By Pick P. Grenadine (09441)
I was out to lunch with a friend of mine from high school at a fast casual dining locale. I turn to this friend when I feel as though I might be “losing touch” with the common man and desire to reconnect with my boring, uncultured roots. Midway through our meal, he looked up from his Americanized-Mexican wrap and into my eyes and asked, seemingly on the verge of tears from the confusion he was facing, “Why is that farm full of ducks in charge of all of Canada’s financial decisions?”
I admitted that I didn’t have an answer for him. Nearly one week later, I still don’t.
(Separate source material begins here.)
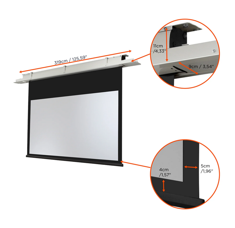 Der Deckeneinbau ist denkbar einfach. Auch nach erfolgter Installation bleibt die Leinwand durch die seitlichen Montage-Klappen jederzeit zugänglich. Der Deckeneinbau ist flexibel zwischen 13,7 und 110 cm Deckenhöhe zur Montagedecke möglich. Der Einbaurahmen schließt perfekt mit der Leinwand und der Zwischendecke ab. Somit ist eine unauffällige Integration der Leinwand gegeben.

Most of us are old enough to remember The Great Canadian Financial Reorganization implemented by The Order in 1989. So long as you weren’t living in the Great White North, it was the fodder for an unending torrent of jokes. (Q: Did you hear about the infighting at Canada’s last budget conference? A: The ducks were in a row.) The reasons behind the decision, at the time, were sound: the Shadow Prime Minister of Canada went rogue and was working to strengthen the Canadian dollar after growing tired of purchasing magazines without a clear price written on the cover, instead finding a cryptic “more in Canada.”
In retaliation, “Mark” née Old Leadership, removed Canada from the Order’s Global Economy control, the Metric Tumble Exchange, and instead decreed that the financial decisions of Canada would be determined randomly by a farm filled with ducks located outside of Hamilton, Ontario. When it was time to create a budget, troughs piled high with bread would be placed near the duck pond. Each trough would be labeled with a different state department, and after one hour, the percentage of bread eaten from each trough would determine the country’s budget. This would result in strange configurations, such as in 1994 when no funds were allocated for education in Canada, or, also in 1994, when 100% of Canada’s budget went to the military because that trough was mistakenly placed closest to the pond.
No one knows why Old Leadership selected ducks. But now, ironically, it is up to our current Leadership, a dog, albeit a very good one, to undo this decision. And as we know from the other major duck-related milestone of the 1980s, the Duck Hunt video game, dogs and ducks don’t always get along.
But I say enough is enough. We have made our point long ago and the danger has completely passed. Shadow Prime Minister Barron P.M. Banner is a distant memory. Canada’s dollar has somehow managed to remain steady, in spite of the fact that it has been controlled by a team of waterfowl for nearly 30 years. And yes, we can all agree that it was very funny when Canada came out with their dollar coin and put a loon on it. We even made that poor Canadian rapper go by the name Drake! But the time has come for us to move on and allow Canadians– human Canadians to control their financial destiny once again.
Burn the troughs. Free the ducks. Let government officials selected by our Order to control the finances of Canada once again.